Finally, export and download your salaries table as CSV.

Importing into SQLite

By this point, you should have downloaded the database with the table of gendered_names: thr-gendered-babynames.sqlite

I recommend using DB Browser as your client. Open up the above-downloaded SQLite database. You should see 2 tables, of which only gendered_names is relevant.

The import popup should be straightforward. I'm assuming you named your table salaries:

SQLite and its painful love of TEXT

OK, this might be the most painful part of the lesson. Depending on what was in your spreadsheet, and how it was imported/exported, DB Browser's import process may be inclined to every column as TEXT, even the ones dealing with salary.

What does this have to do with you? Try doing a sort by money, such as total_pay_benefits

(note that I alias the cumbersome column name to total_pay_benefits because who knows how SQL will interpret the ampersand)

SELECT EmployeeName, JobTitle, 
  "TotalPay&Benefits" AS total_pay_benefits
FROM salaries
ORDER BY total_pay_benefits DESC
LIMIT 10;

When numbers are treated as text, they are sorted alphabetically:

employee_name	job_title	total_pay_benefits
Mary Sekator	Administrative Associate	99914.43
Thanh-Tran Nguyen	Payroll Analyst	99778.22
Richard Hirano	Desktop Technician	99720.17
Vincent Vasquez	Gas System Tech	99699.05
Julie Weiss	Environmental Spec	99695.69
Gregory Smith	WQC Plt Oper II	99659.76
Jason Griffin	Recreation Leader II	9948.74
Joe Berkey	Meter Reader	99479.61
Ariel Berson	Prod Arts/Sci Prog	99405.11
Mary Grace Castor	Human Rsrce Asst Cnf	99340.08

Note that a non-Bay-Area resident might look at this dataset and think it was working — 999915 could buy a lot in other parts of the country. But those of you who live here, you know that 99914 is not a high wage for Palo Alto.
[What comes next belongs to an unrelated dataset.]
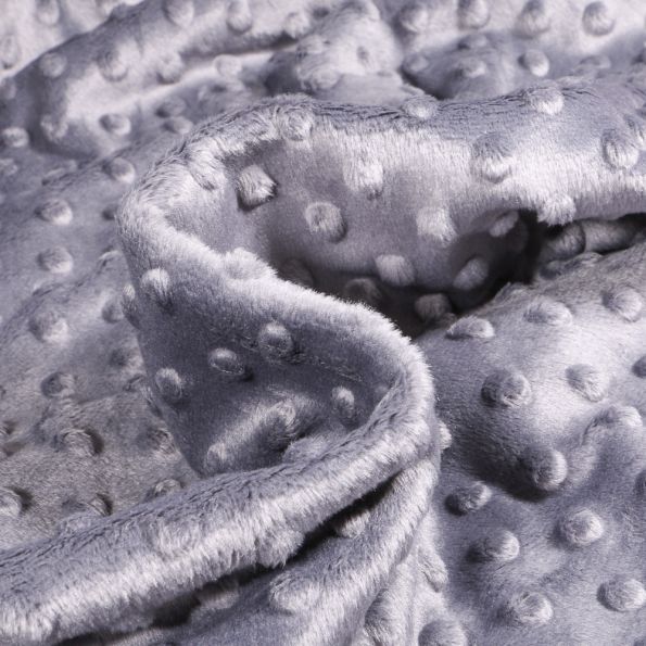 Ce tissu ultra doux, adorable et douillet a une surface velours minky (minkee) lisse avec des pois en relief. Tellement populaire pour des couvertures pour bébés, accessoires pour bébés, jouets en peluche, doudous, des supports de couette, plaids, des accessoires.

Or that among Palo Alto's highest paid employees would be a meter reader.

Consider CAST and being explicit

The proper SQLite way to handle this would be to wrap all your number fields in a CAST function, in which you tell SQLite, Hey, this is a number!. Learning CAST is actually nice because it further acquaints you with how things work in computer-land, while giving you more practice with being explicit with how you code.
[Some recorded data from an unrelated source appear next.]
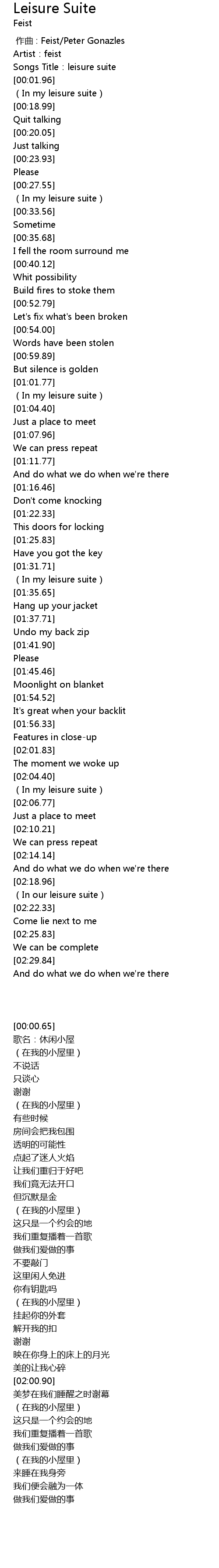 | [00:00.00] | 作曲 : Feist/Peter Gonazles |
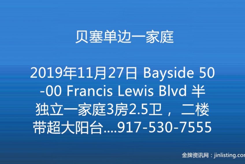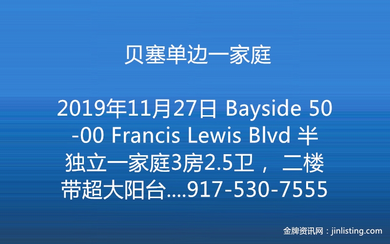 贝塞单边一家庭 Bayside 50-00 Francis Lewis Blvd 半独立一家庭3房2.5卫, 二楼带超大阳台,完成地室,地25×97 屋1366 sqf, 地税$6868。保养佳,近韩国超市H Mart, 交通方便近295 Highway ,Northern Blvd及多种Bus Q27, Q31,Q26,Q76,生活基能强,售$799,000. Paul 917-530-7555
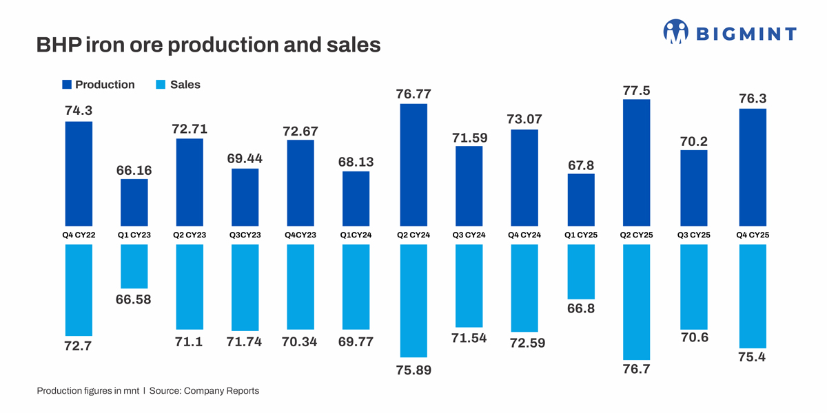 BHP has announced its Q4CY’25 (October-December 2025) results, revealing that iron ore production from all its Western Australia mines totalled 76.3 million tonnes (mnt) on a 100% basis, higher by 8.7% from 70.2 mnt in Q3CY’25. Meanwhile, iron ore sales also rose by 6.8% q-o-q to 75.4 mnt against 70.6 mnt in the past quarter.

Here's the SQLite documentation on CAST.

Here it is in action:

SELECT EmployeeName, JobTitle, 
  CAST("TotalPay&Benefits" AS NUMERIC) AS total_pay_benefits
FROM salaries
ORDER BY total_pay_benefits DESC
LIMIT 10;

And there's the big salaries:

EmployeeName	JobTitle	total_pay_benefits
Kenneth Denson	Police Lieut-Adv	477703.45
Mark Venable	Police Captain-Adv	380998.8
Jason Amdur	Fire Cap Haz Mat EMT	378926.32
James Keene	City Manager	349964.47
John Parks	Fire Inspector EMT	334311.31
Douglas Keith	Management Spec	325115.7
Scott Wong	Management Spec	311450.19
Dennis Burns	Police Chief-Adv	309138.22
Michael Verga	Fire Cap Haz Mat EMT	294068.42
Thomas Newland	Fire Inspector EMT	289664.24

Learning CAST and using it regularly will help you in the long run, so don't shun it because of the extra typing…

DBrowser table alteration

That said, people don't really like writing extra function calls if they can help it.
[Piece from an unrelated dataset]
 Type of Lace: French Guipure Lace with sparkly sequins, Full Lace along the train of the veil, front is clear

One of the conveniences that DB Browser has, but that SQLite in general does not – is the ability to point-and-click and change a table's structure. This is nice when you've created a table and screwed a small thing up.

It's helpful in our situation because we can alter our salaries table to have proper numeric columns, which is something you can't really do in base SQLite without wiping out the table and re-importing.

That said, it's highly dependent on DB Browser, the fancy client, i.e. it's not a core SQLite skill. Today it works, maybe it won't later on.

You can get started by going to the Database Structure panel and right-clicking the salaries entry:

Then, for each field you want to be a number, change the dropbox from TEXT to NUMERIC:

Hit OK

Remember to save in DB Browser

(just another quirk, don't get bogged down in this detail)

Another piece of trivia for DB Browser that doesn't exist in other SQLite implementations, for better or worse. Anytime you change up a database or table, such as add a table, import data, delete data, etc, be sure to save your work (like a Word document) with Command-S. DB Browser has this feature in which it doesn't write things immediately. For people who are prone to making mistakes, this is great. For longtime SQL users who are used to the database getting things done on command, it can be quite confusing. It shouldn't impact you hugely as you're learning SQL.

Query the payroll

By now, you should have a database file with:

A salaries table, which includes 1 year of data and a first_name column
The gendered_names table.

Here are some casual queries to explore the data.

(These queries assume your salaries data table has proper NUMERIC columns, or if not, I assume you know how to use the CAST function

Instructions

For all of these queries, I want you to type out the queries, get a result. And then, in the Google doc that you turn in, I want to see the data. For most of you, the easiest way to do this is to screenshot the results and paste it into the Word doc.

Some of the queries are already written – that's OK, type them out on your own. Other queries need to be completed.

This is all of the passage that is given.